Let $L/K$ be an extension of local fields. We can find $\alpha$ such that $\mathcal{O}_L=\mathcal{O}_K[\alpha]$. What do we know about this generating element? I think that this $\alpha$ can be selected in such a way that, in addition to the above property, it is also a uniformizing parameter at the same time. But I can not prove it.

Answer 1

If you look at a proof that $\mathcal O_L = \mathcal O_K[\alpha]$ for some $\alpha$, such as Prop. 3, Chapter III, Section 1 in Lang's "Algebraic Number Theory" then you should be able to see that you can take as $\alpha$ either $\zeta$ or $\zeta + \pi$ where $\zeta$ is an arbitrary generator (modulo the maximal ideal of $\mathcal O_L$) of the residue field extension and $\pi$ is an arbitrary choice of uniformizer. When $L/K$ is unramified we can take as $\pi$ a prime from $K$ and thus $\mathcal O_L = \mathcal O_K[\zeta + \pi] = \mathcal O_K[\zeta]$. When $L/K$ is totally ramified, we can use $\zeta = 1$ (or $\zeta = 0$), so $\mathcal O_L = \mathcal O_K[\pi]$.

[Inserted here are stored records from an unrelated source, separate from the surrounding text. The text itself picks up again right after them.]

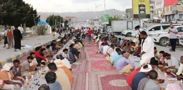 یمن کے المکلا شہر میں طویل افطار دسترخوان کا اہتمام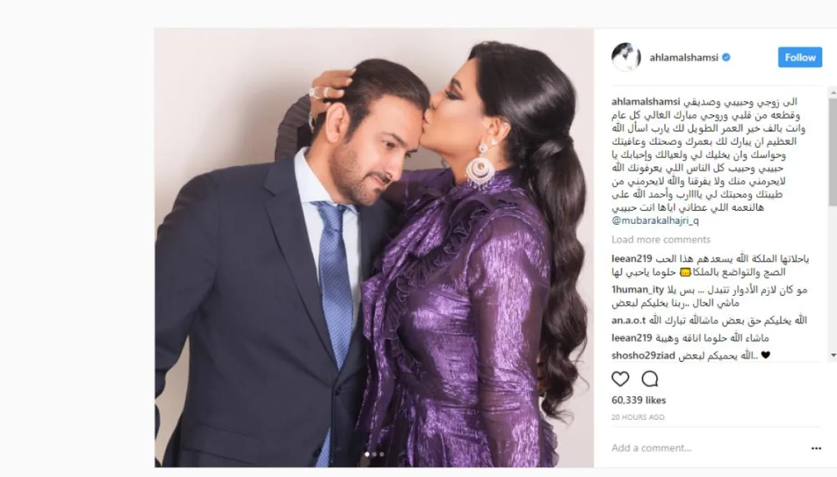 نشرت الفنانة الإماراتية أحلام صورة لها مع زوجها مبارك الهاجري وهي تقبّل رأسه وتبارك له بعيد ميلاده، داعيةً أن يطيل الله في عمره، ويبقيه بجانبها دوماً.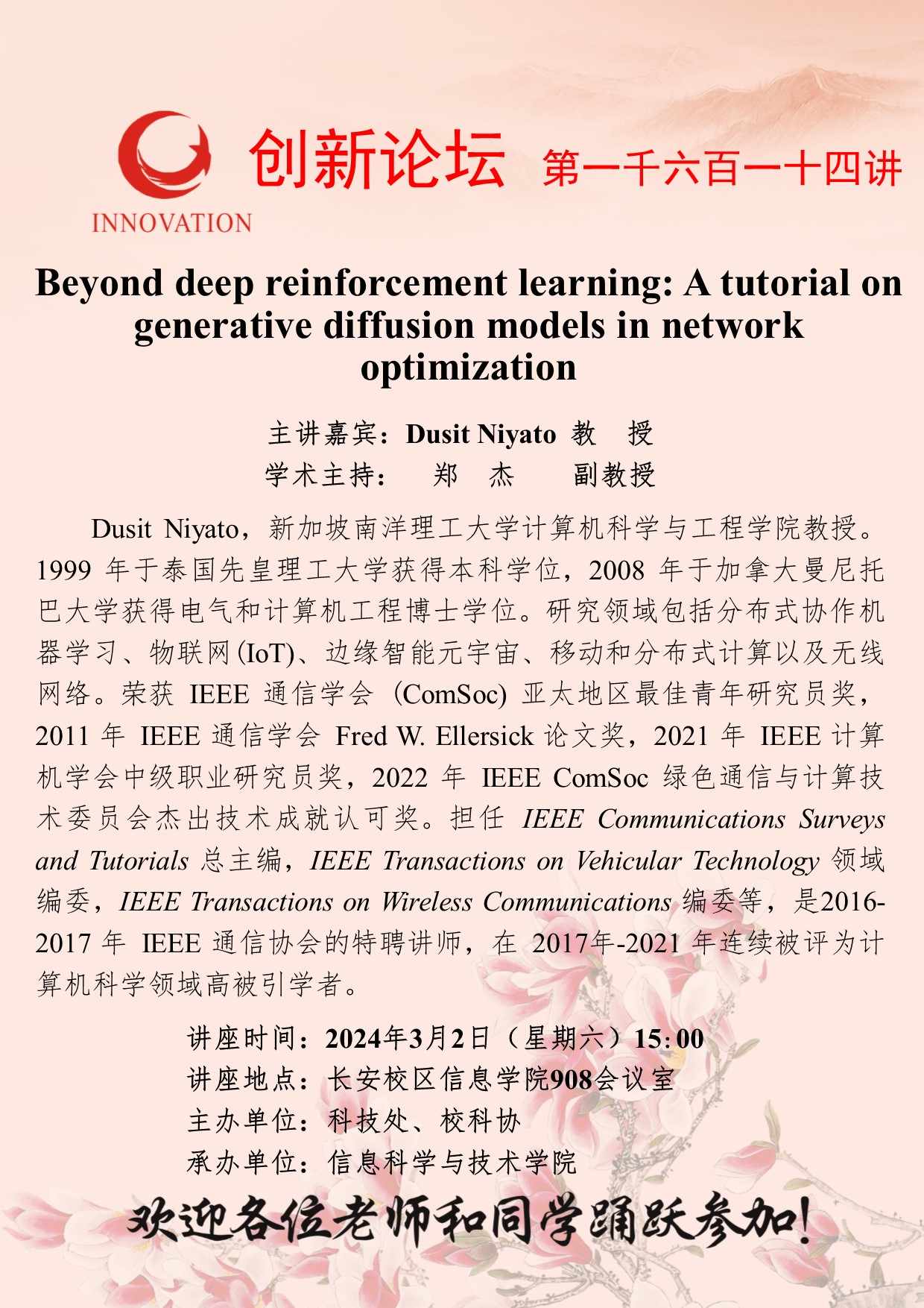 Dusit Niyato 教授 BB平台创新论坛第一千六百一十四讲:Beyond deep reinforcement learning: A tutorial on generative diffusion models in network optimization 讲座时间 2024年3月2日(星期六)15:00 讲座地点 长安校区信息学院908会议室 讲座人介绍 Dusit Niyato 教授 讲座内容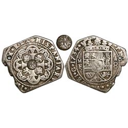 Guatemala, 8 reales, sun-over-mountains countermark (Type II, 1839) on a Potosi, Bolivia, cob 8 reales, 1688VR. KM-96.2; host: S-P40, KM-26, CT-373. 2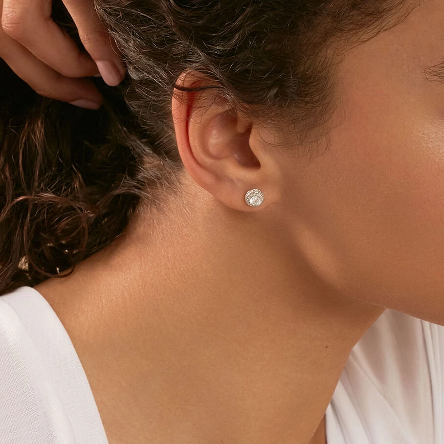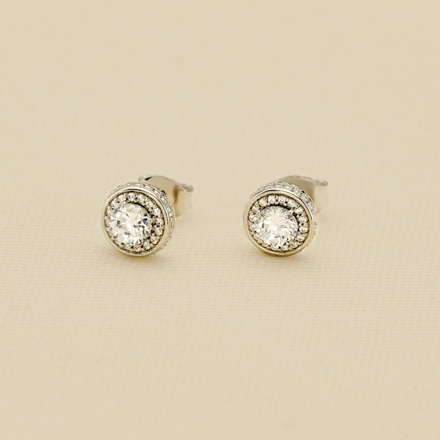 Boucles d’oreilles puces, en argent véritable, avec un mini oxyde rond autour duquel sont micro sertis des oxydes de zirconium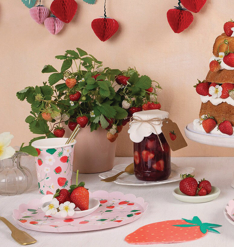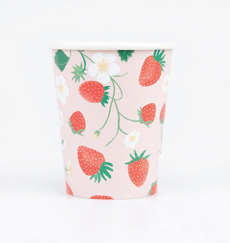 Vasariški, braškėmis iliustruoti popieriniai puodeliai gaiviai gimtadienio šventei.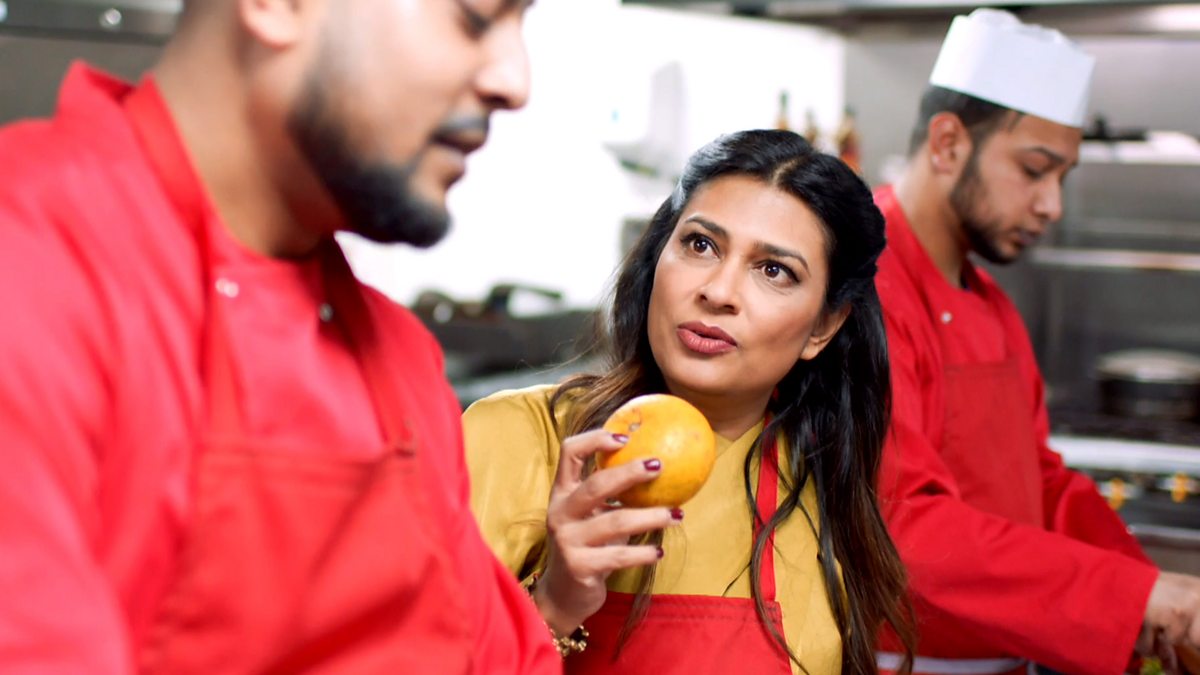 Afruj shows Nisha and his students how to use shatkora, a Bangladeshi fruit, to bring out a new depth of flavour in a beef curry.
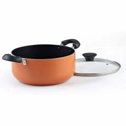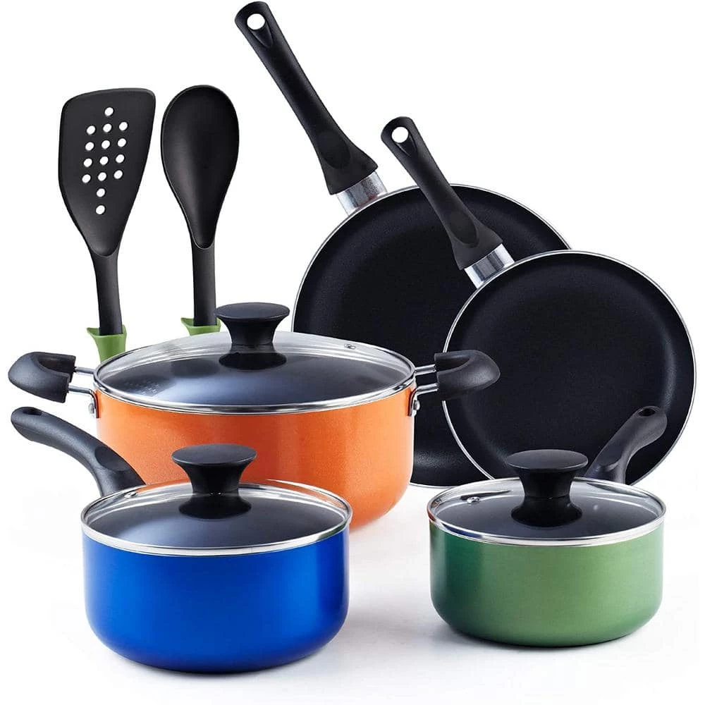 The Cook N Home 10-Piece Nonstick Stay Cool Handle Cookware Set, Multicolor includes: 1 and 2 qt. saucepans with lids, 5 qt. dutch oven with lid, 8 and 9.5 in. fry pans, nylon spatula, and nylon spoon. The cookware is made of thick gauge aluminum that provides even/quick heat conduction and prevents hot spots. Nonstick makes food release/cleaning easy and allows for healthy cooking. Riveted comfortable handles stay cool while cooking and has a hole for hanging. Tempered glass lids with steam vent makes viewing food easy, keeps heat/moisture in, and fits on fry pans. Utensils with guard are durable for mixing, moving, and transferring foods. Not Induction compatible. Works on gas, electric, glass, ceramic, halogen, etc. Oven safe to 350F. Dishwasher safe.

Lang proves the result for an extension of DVRs with a separable residue field extension; no assumption of completeness, so in particular no use of Hensel's lemma. But the assumption that the DVR downstairs has an integral closure in the extension of its fraction field that is also a DVR is not at all typical in a "global" situation such as the localization of a Dedekind domain, as there can be more than one prime upstairs lying over the prime downstairs. In the complete setting things are nicer since every valuation ring of a local field is a DVR.

Answer 2

$O_L=O_K[\pi_L]$ iff $f(L/K)=1$ and $O_L=O_K[\zeta_{q_L-1}]$ iff $e(L/K)=1$. In general it is $$O_L=O_K[\zeta_{q_L-1}+\pi_L]$$

Hensel lemma is needed to construct the root unity, then (in the non-trivial case $e\ne 1,f\ne 1$) we need a closed-ness and density argument, investigating $\zeta_{q_L-1}+\pi_L-(\zeta_{q_L-1}+\pi_L)^q$

Answer 3

Hint: If $\mathcal{O}_L = \mathcal{O}_K[\alpha]$ with $\alpha$ a uniformiser of $\mathcal{O}_L$, then the canonical inclusion of their residue fields $\mathcal{O}_K/(\pi_K) \hookrightarrow \mathcal{O}_L/(\alpha)$ is surjective.

Conversely, if the extension is totally ramified (which is what the above says), then ...

reuns' answer says the same and more.